2012 Issue 424

  1. Find all $2$-digit numbers such that when multiplied by $2,3,4,$ $5,6,7,8,9,$ the sum of the digits of the resulting numbers are equal.
  2. Let $$S=\frac{2}{2013+1}+\frac{2^{2}}{2012^{2}+1}+\frac{2^{3}}{2013^{2^{2}}+1}+\ldots+\frac{2^{2014}}{2013^{2^{2013}}+1}.$$ Which number is greater? $S$ or $\dfrac{1}{1006}$?.
  3. Find all integer solutions of the equation $$(y-2) x^{2}+\left(y^{2}-6 y+8\right) x=y^{2}-5 y+62$$
  4. Let $x$, $y$ be two rational numbers such that $$x^{2}+y^{2}+\left(\frac{x y+1}{x+y}\right)^{2}=2 .$$ Prove that $\sqrt{1+x y}$. is also a rational number.
  5. Let $O$ denote the point of intersection of the two diagonals $A C$ and $B D$ of a convex quadrilateral $A B C D$. Let $E$, $F$, $H$ be the feet of the altitudes from $B$, $C$ and $O$ respectively onto $A D$. Prove that $$ A D \cdot B E \cdot C F \leq A C \cdot B D \cdot O H.$$ When does equality holds?
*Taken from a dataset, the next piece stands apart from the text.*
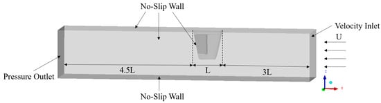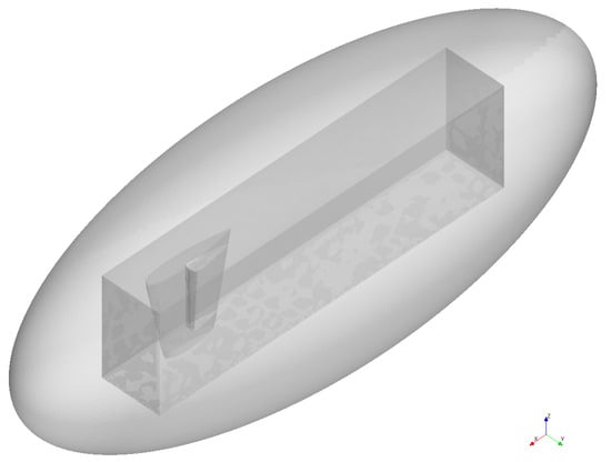 The computational domain was set with reference to the size of the test section of the water tunnel, as shown in Figure 6. Its dimensions were 10.50 m (length) × 2.20 m (width) × 2.00 m (height). The medium in the computational domain was water.

  6. $a, b, c$ are positive real numbers satisfying $a b c=1$. Prove that $$\frac{a^{3}+5}{a^{3}(b+c)}+\frac{b^{3}+5}{b^{3}(c+a)}+\frac{c^{3}+5}{c^{3}(a+b)} \geq 9$$
  7. Solve the equation $$\left(x^{3}+\frac{1}{x^{3}}+1\right)^{4}=3\left(x^{4}+\frac{1}{x^{4}}+1\right)^{3}$$
  8. Let $A B C$ be a triangle with acute angle $A$. Point $P$ inside the triangle $A B C$ such that $\widehat{B A P}=\widehat{A C P}$ and $\widehat{C A P}=\widehat{A B P}$. Let $M$ and $N$ be the incenters of triangles $A B P$ and $A C P$ respectively, $R$ is the circumradius of triangle $A M N$. Prove that $$\frac{1}{R}=\frac{1}{A B}+\frac{1}{A C}+\frac{1}{A P}.$$
  9. Solve the equation $$[x]^{3}+2 x^{2}=x^{3}+2[x]^{2}$$ where $[t]$ denotes the largest integer not exceeding $t$.
  10. In the interior of a unit square, there are $n\left(n \in \mathbb{N}^{*}\right)$ circles whose sum of areas is greater than $n-1$. Prove that the circles has at least a common point of intersection.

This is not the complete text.